Von einem Trend zu besseren Abschlussnoten will das Bremer Bildungsressort auf Basis der Umfrage nicht sprechen: "Die Zahlen schwanken", sagte Annette Kemp, Sprecherin der Bildungssenatorin. Auch wenn im Zehn-Jahres-Vergleich mehr Absolventen ein Einser-Abitur erreicht hätten, sei der Schnitt beispielsweise auf 21,47 Prozent gesunken. Dass die Prüfungen leichter geworden seien, sei "nicht unbedingt" ein Faktor. Was sich verändert habe, sei die Ausrichtung der Prüfungsvorbereitung auf die Neigungen und individuellen Stärken der Schülerinnen und Schüler. Eine Vergleichbarkeit, wie durch das Zentralabitur, sei aber weiterhin das Ziel des Ressorts, sagte Kemp.
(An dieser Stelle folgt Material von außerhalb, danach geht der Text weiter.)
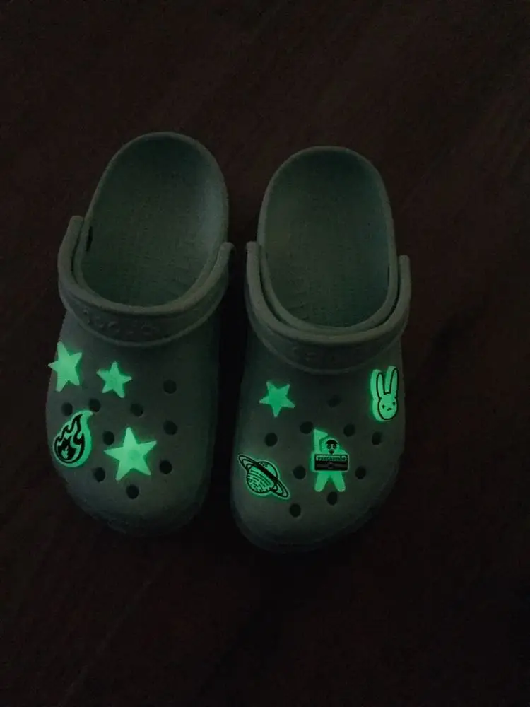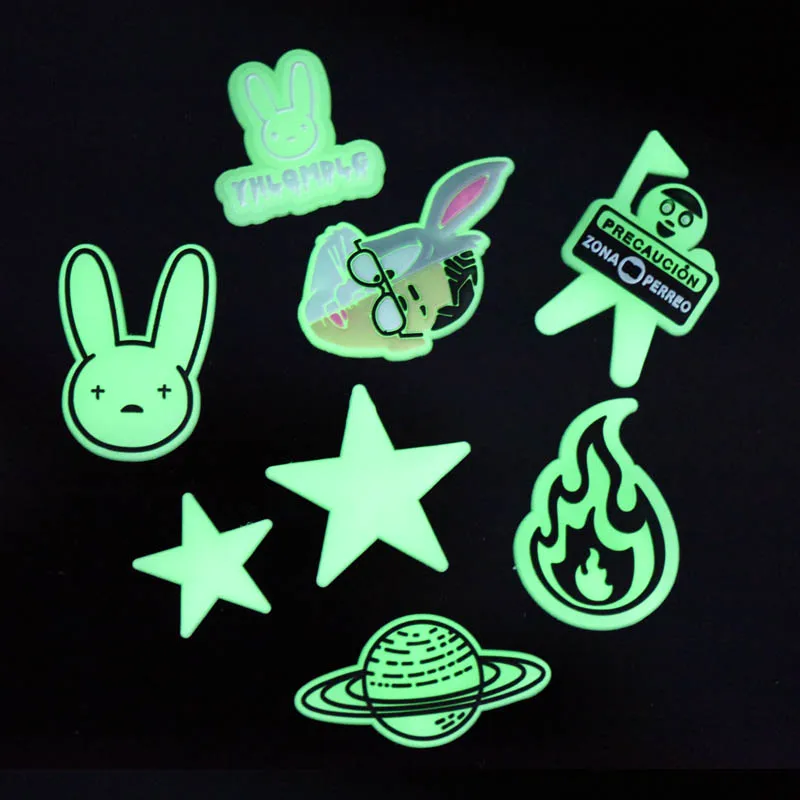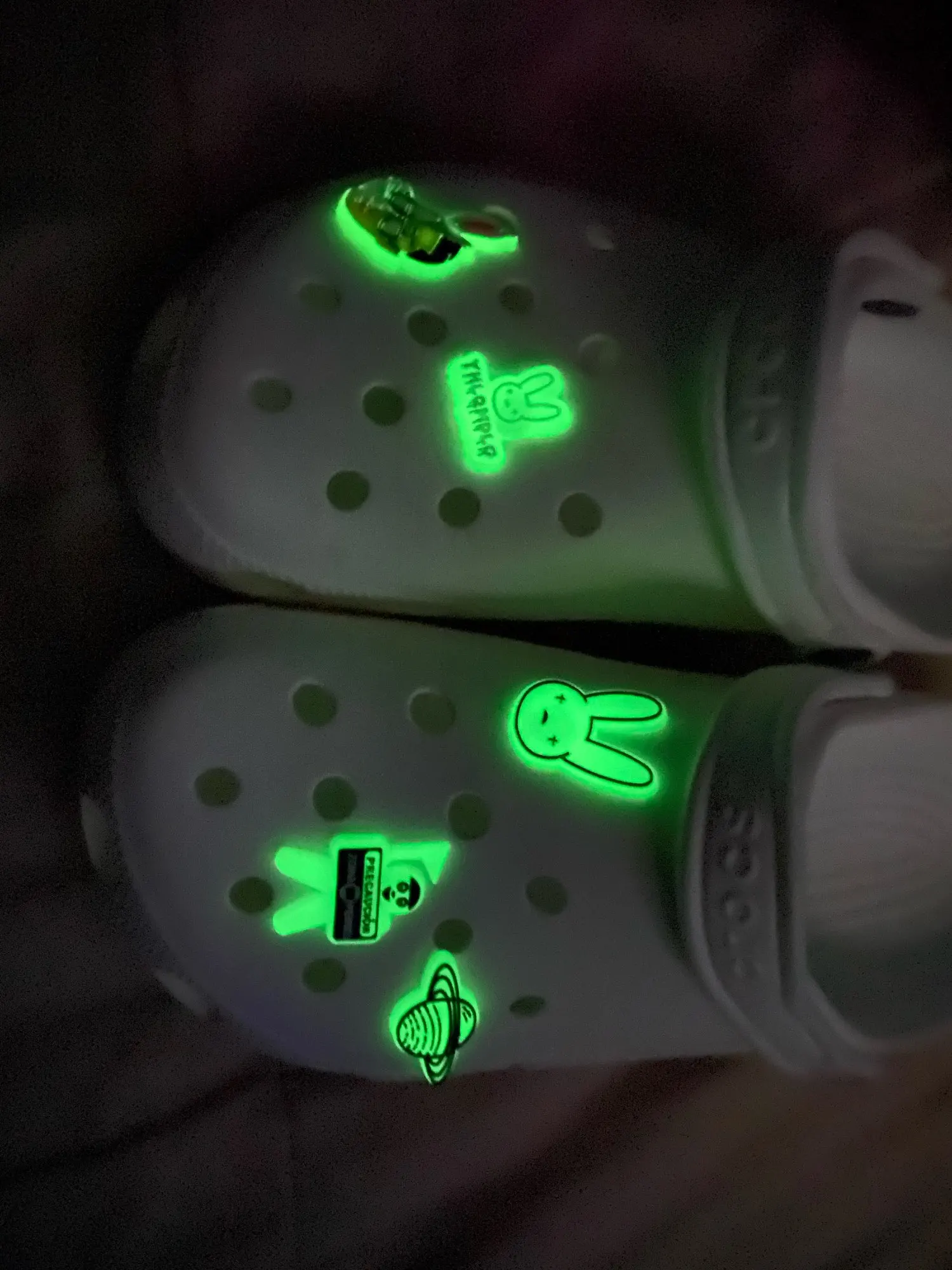 Новый стиль, легкий кролик, мягкая резиновая обувь из ПВХ светится в темноте, подвески, аксессуары для крокодиловой обуви, детский подарок на Рождество вечерние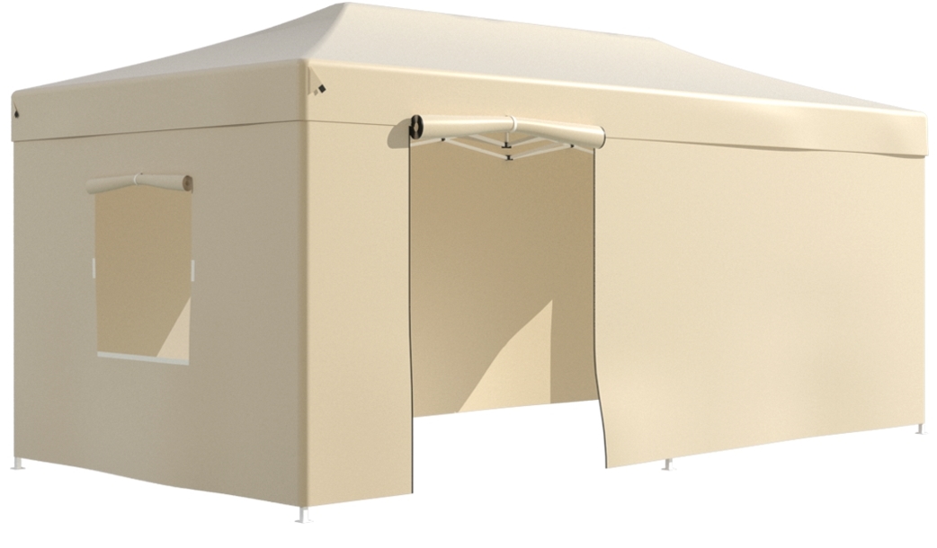 Тент садовый – практичное и популярное решение для использования на пикниках, шашлыках и кемпинге, а также в качестве дачной беседки или для уличной торговли и рекламы. Тент-шатер для сада прекрасно защищает от солнца, дождя и ветра. Тент садовый быстро раскладывается «гармошкой», его установка занимает считанные минуты. В тенте есть 1 дверь и 2 окна.

Christian Gloede, Sprecher der Gewerkschaft Erziehung und Wissenschaft (GEW) in Bremen, hält die steigende Zahl der Einser-Abiturienten für kaum aussagekräftig: "In den Bundesländern gibt es ungeheure Diskrepanzen." Auch eine Wertigkeit der Abschlüsse sei daraus kaum herauszulesen. Eine Qualitätsverlust der Abiturnoten, wie es der DHV bemängelt, sieht Gloede nicht. Eine mögliche Erklärung sei der stetig steigende Druck auf Schülerinnen und Schüler, höhere Leistungen zu erbringen. Allerdings werde auch die Schere zwischen sehr guten und sehr schlechten Schülerinnen und Schülern in Bremen immer größer – das hätten nicht zuletzt die Ergebnisse der Pisa-Studien gezeigt. Deshalb setze sich die GEW weiterhin für das Ziel ein, eine Benotung von Leistungen komplett abzuschaffen. "Wir brauchen den Notenterror nicht", so Gloede.